The original story is below.
Games get canceled from time to time, but they rarely fall apart in the way Ant Simulator now has. Lead programmer Eric Tereshinski says in a video message posted this weekend that the game--in which you would have played as a queen ant--is canceled and that he's resigned from the development team. He claims his business partners stole company money and spent it on, among other things, booze and strippers. As such, he no longer wants to be associated with them and is making the unfortunate decision to scuttle the project.
Tereshinski originally created Ant Simulator for a 48-hour game jam called Ludum Dare back in 2014. After it generated some buzz, he decided to form a team and make Ant Simulator into a full game. Joining the team on the business side were Tyler Monce and Devon Staley, though it's unclear if these are the team members that Tereshinski is calling out in his video.
GameSpot has contacted Tereshinski in an attempt to get more details.
Here is Tereshinki's full statement from the video (via Kotaku):
"I recently found out that my ex-business partners were secretly stealing company money. They had secretly spent the overwhelming majority of both our Kickstarter money [Ed note: In 2014, Tereshinski successfully raised almost $5,000 on Kickstarter for a game development tutorial series, though it's unclear if Ant Simulator was also crowdfunded] and the Ant Simulator investment money on liquor, restaurants, bars, and even strippers. This, among many other reasons, is the reason why it has become exceedingly clear to me that I cannot have my career associated with these guys. My ex-business partners directly said to me, 'If you release Ant Simulator without us, I will sue you.' I really don't have any options.
"A year and a half ago, I signed an LLC agreement with them. I trusted them. And they had been my friends for 11 years. I made the mistake of trusting them. So that means that resigning and therefore canceling the development of Ant Simulator, since I was the programmer of Ant Simulator, resigning and canceling Ant Simulator is really the only option available to me right now. So this is obviously a huge and disappointing setback, but I am going to continue forward and continue to develop games."

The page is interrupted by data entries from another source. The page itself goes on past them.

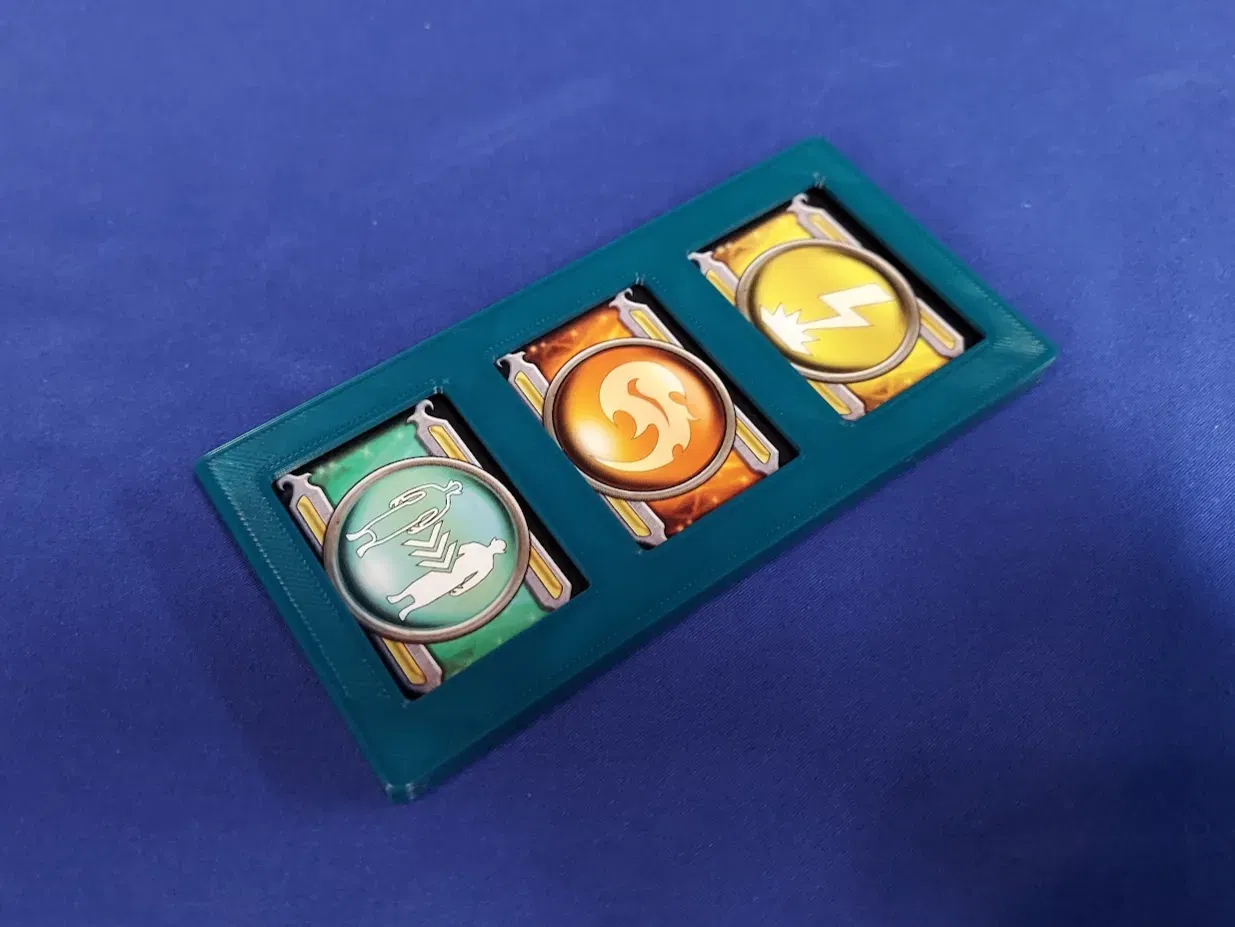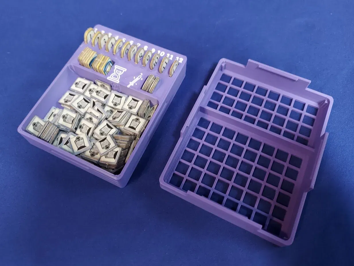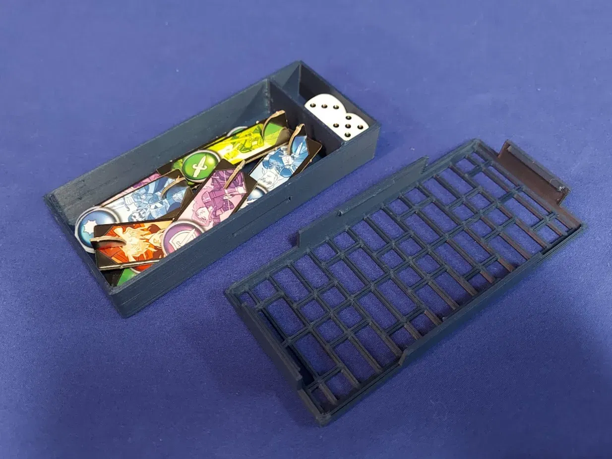 Các ngăn riêng biệt giữ mỗi 12 Số token, Mất lượt token, Kiếm ma thuật token, và Bị đánh bại token. 12 token Số nằm trong một hàng ở trên cùng. Các token Mất lượt vừa vặn trong hai ngăn ở giữa bên trái. Các token Kiếm ma thuật chiếm giữa bên phải. Cuối cùng, ngăn lớn ở dưới cùng giữ các token bia mộ Bị đánh bại.
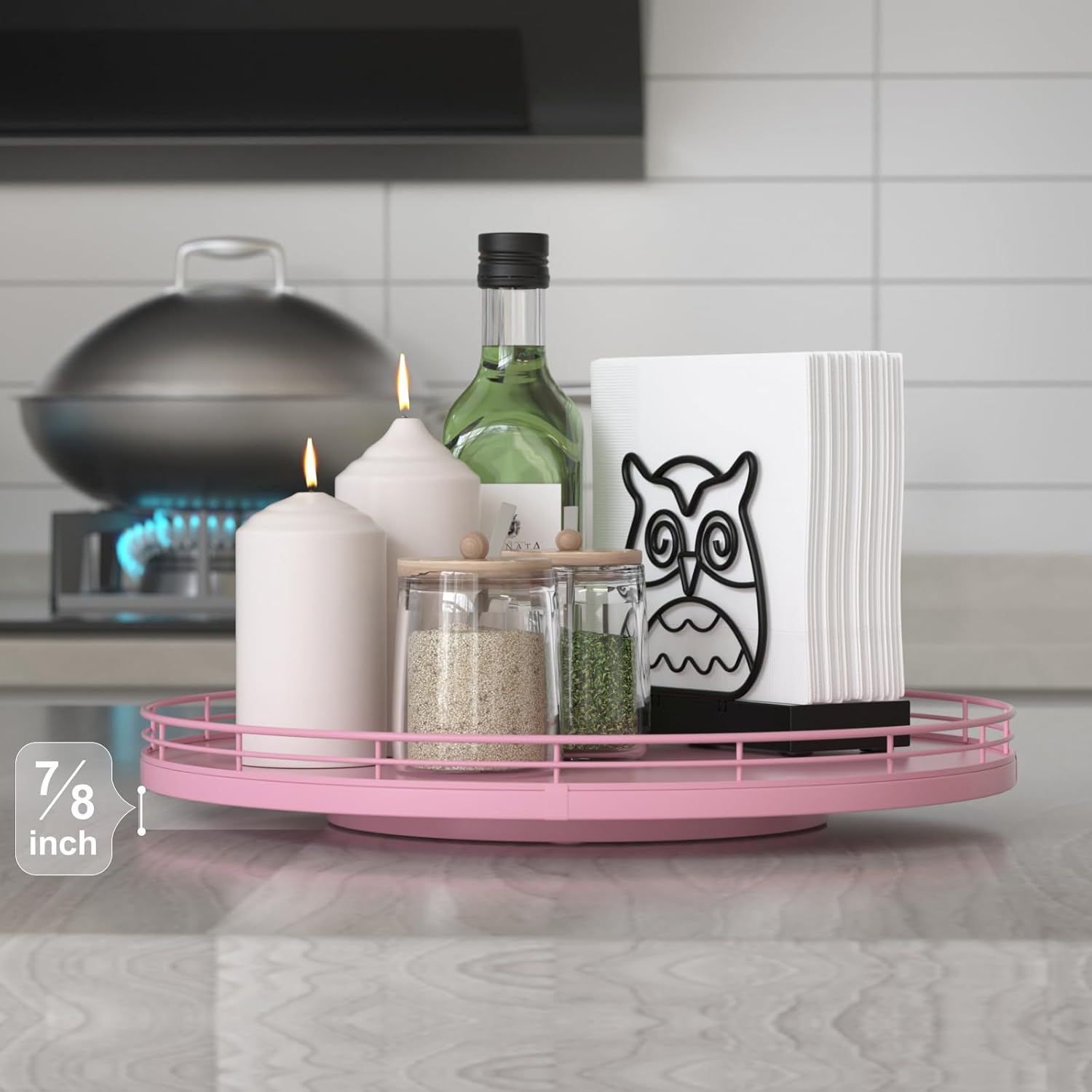 - ๐ง๐ต๐ผ๐๐ด๐ต๐๐ณ๐๐น ๐๐ฒ๐๐ถ๐ด๐ป: The turntable tray features a smooth and silent 360ยฐrotation; Bottom slip-resistant pads for stability and protect your countertop from scratches; Raised edges on each organizer tray to keep items from falling out; Easy to use, no installation required
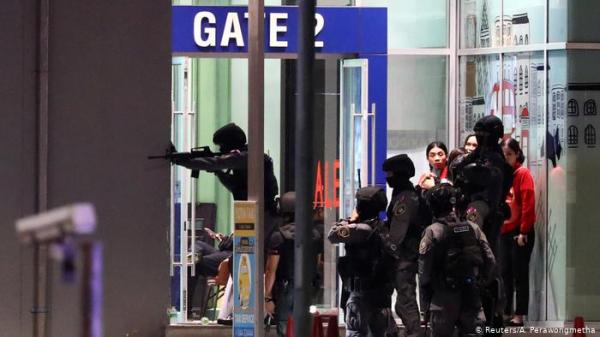 وكانت الشرطة، أعلنت أنها تمكنت من قتل الجاني بعد 12 ساعة من المواجهة، وهو جندي يدعى جاكرابانت توما (32 عاما) حيث كان قد سرق بندقية من قاعدة عسكرية في المدينة وقتل في البداية قائده وشخصين آخرين ثم فر بواسطة سيارة عسكرية، ليدخل لاحقا إلى المركز التجاري ويطلق النار بشكل مكثف على الحاضرين أمس السبت، وأعلن رئيس الوزراء برايوت تشان أوتشا في وقت سابق من اليوم أن مطلق النار كان يعاني من مشاكل شخصية مرتبطة ببيع منزل.
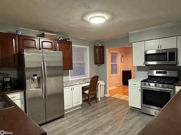 This fully remodeled home offers updated features both inside and out, including a new kitchen with an eating bar that flows into the spacious living room, which opens to the dining area. The main level also includes two bedrooms, an updated full bathroom, and a laundry room. The finished lower level features a cozy family room with a fireplace, a bar, and an additional full bathroom. Outside, the large backyard complements the oversized two-car garage with alley access. The home also boasts updated windows and a high-efficiency furnace for added comfort and energy savings. There is some exterior and interior work to be finished.
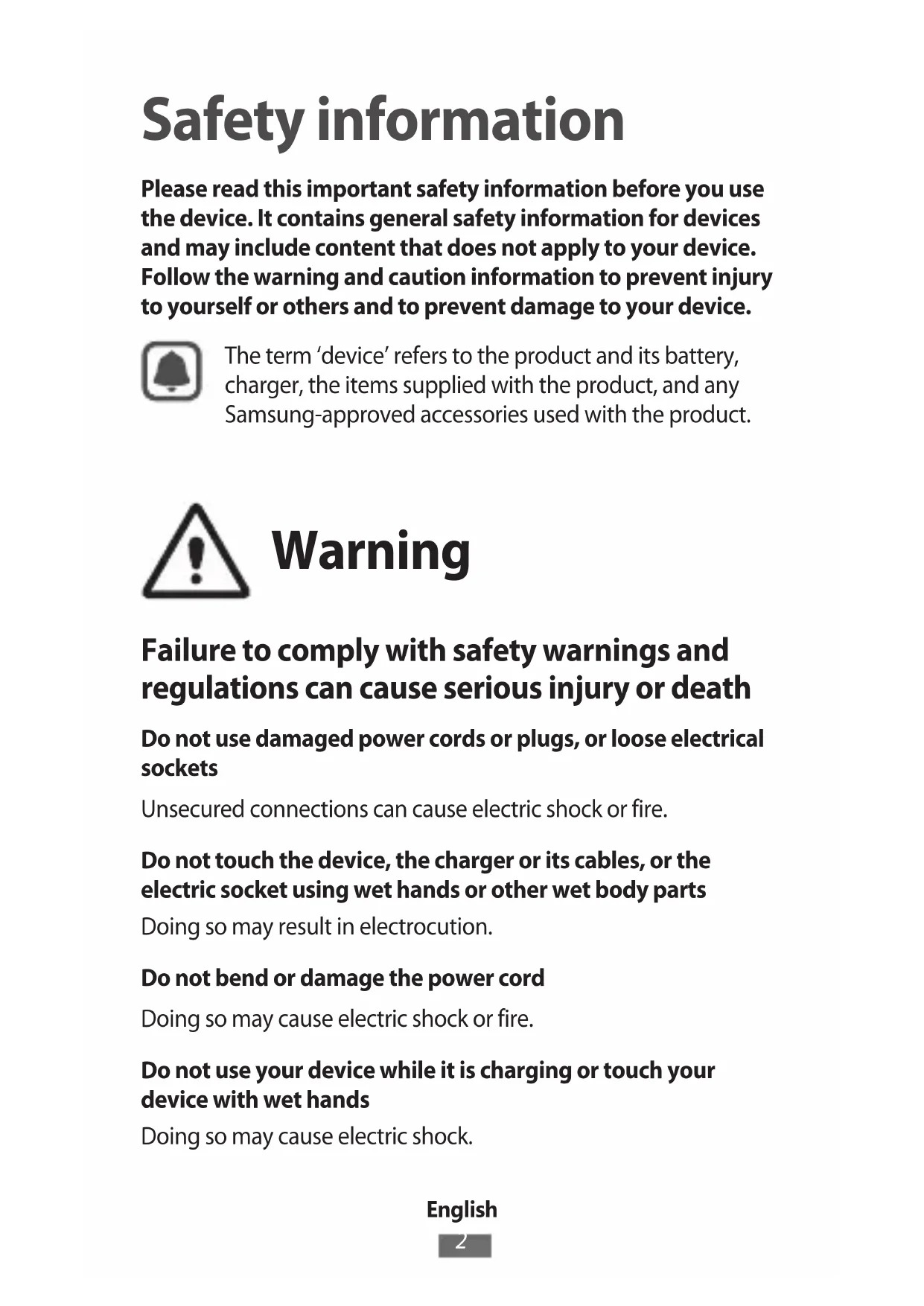 Safety information Please read this important safety information before you use the device. It contains general safety information for devices and may include content that does not apply to your device. Follow the warning and caution information to prevent injury to yourself or others and to prevent damage to your device. The term ‘device’ refers to the product and its battery, charger, the items supplied with the product, and any Samsung-approved accessories used with the product. Warning Failure to comply with safety warnings and regulations can cause serious injury or death Do not use damaged power cords or plugs, or loose electrical sockets Unsecured connections can cause electric shock or fire. Do not touch the device, the charger or its cables, or the electric socket using wet hands or other wet body parts Doing so may result in electrocution. Do not bend or damage the power cord Doing so may cause electric shock or fire. Do not use your device while it is charging or touch your device with wet hands Doing so may cause electric shock.English
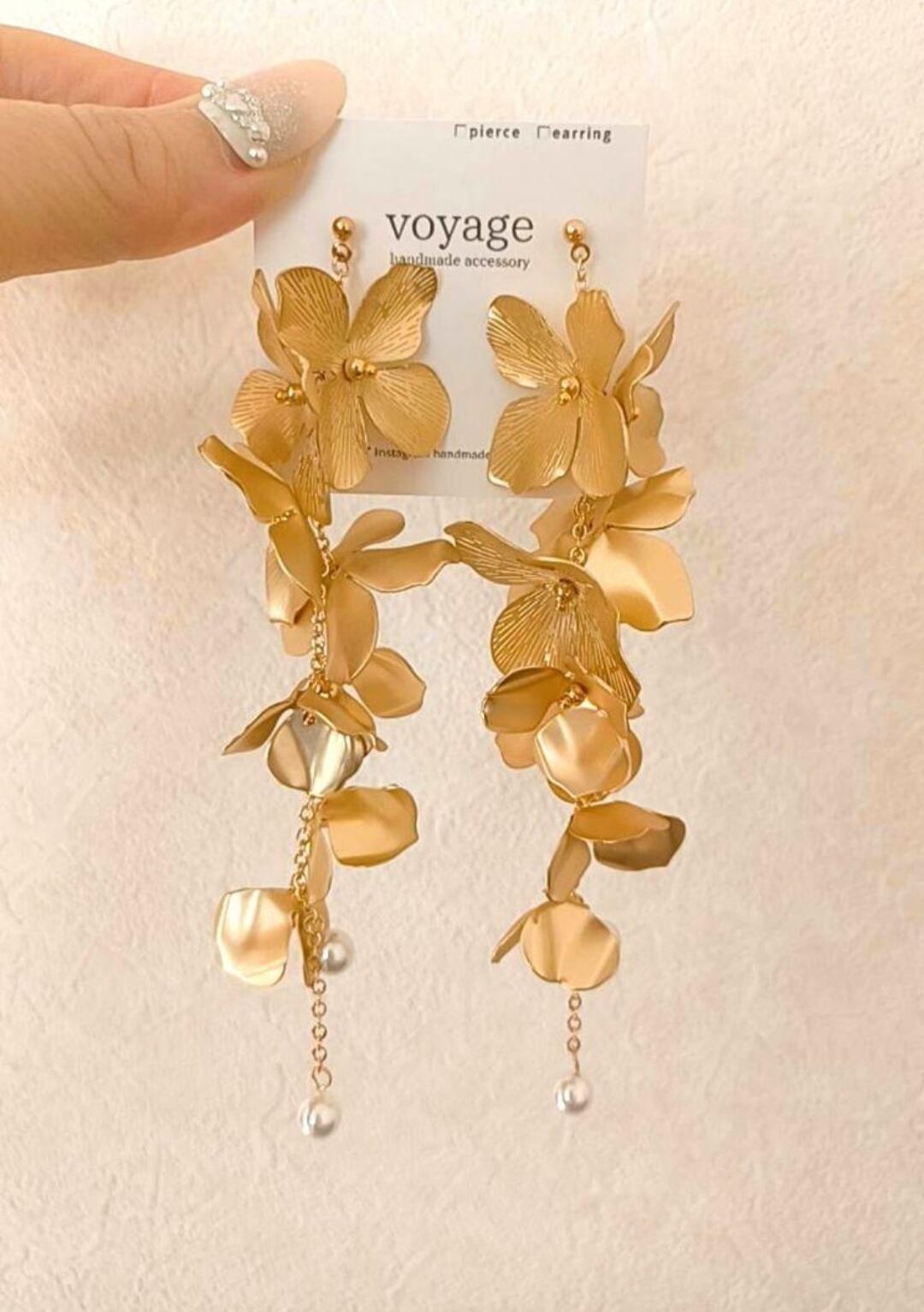 ゴールドの花びらとパールを組み合わせた繊細で大人可愛いデザインになります。
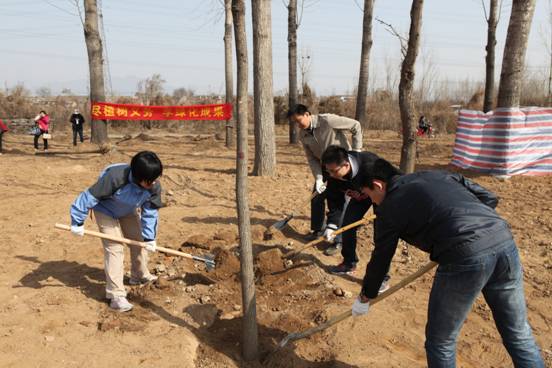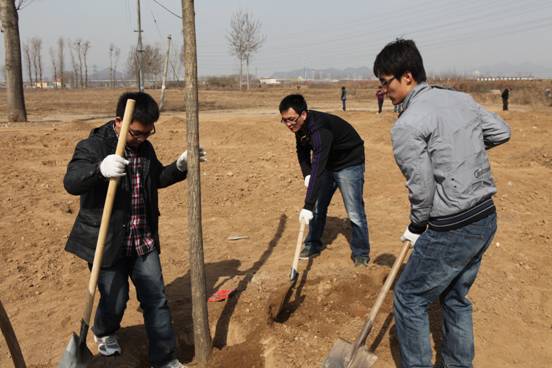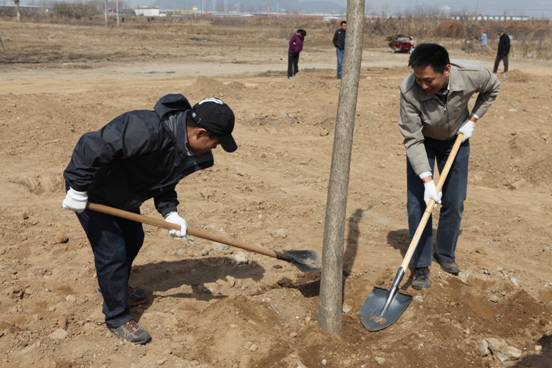 此次植树活动,选择在急需植树绿化的怀柔区庙城镇滨河森林公园进行。在工作人员对植树要领进行详细讲解后,在张书记的带领下,大家两人一伙,三人一群,抗苗、打底、扶苗、填土、踏实、培水埯一气呵成,不一会功夫,就顺利地完成了分配的任务。
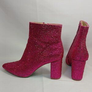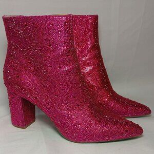 Betsey Johnson Women's SB-Cady Fashion Ankle Boots in Fuchsia 9.5 M US Zip Bling Heel

People in the comments section of Tershinki's video ask why he doesn't take legal action against his former business partners. He says he has looked into this, but believes the contract he signed contained clauses that wouldn't work to his benefit.
"The problem is that these guys covered their asses in the contract," he explained. "They'll say the drinks were for business meetings, and they have the paperwork/minutes to prove they had meetings (even though I know they were bullsh** meetings). They went over the contract line by line with me and I reviewed the whole thing twice. I just didn't realize they had protected themselves, screwed me (like the fact that they listed themselves as consultants, so they aren't legally obligated to work on anything, but still have the rights to spend money etc.), and I had no idea what their plan was until it was too late."
At the end of his video address, Tereshinski says this result is personally and professionally devastating, though he is optimistic about the future.
"I'm definitely going to move forward more cautiously and not be so trusting, even of my closest friends, apparently."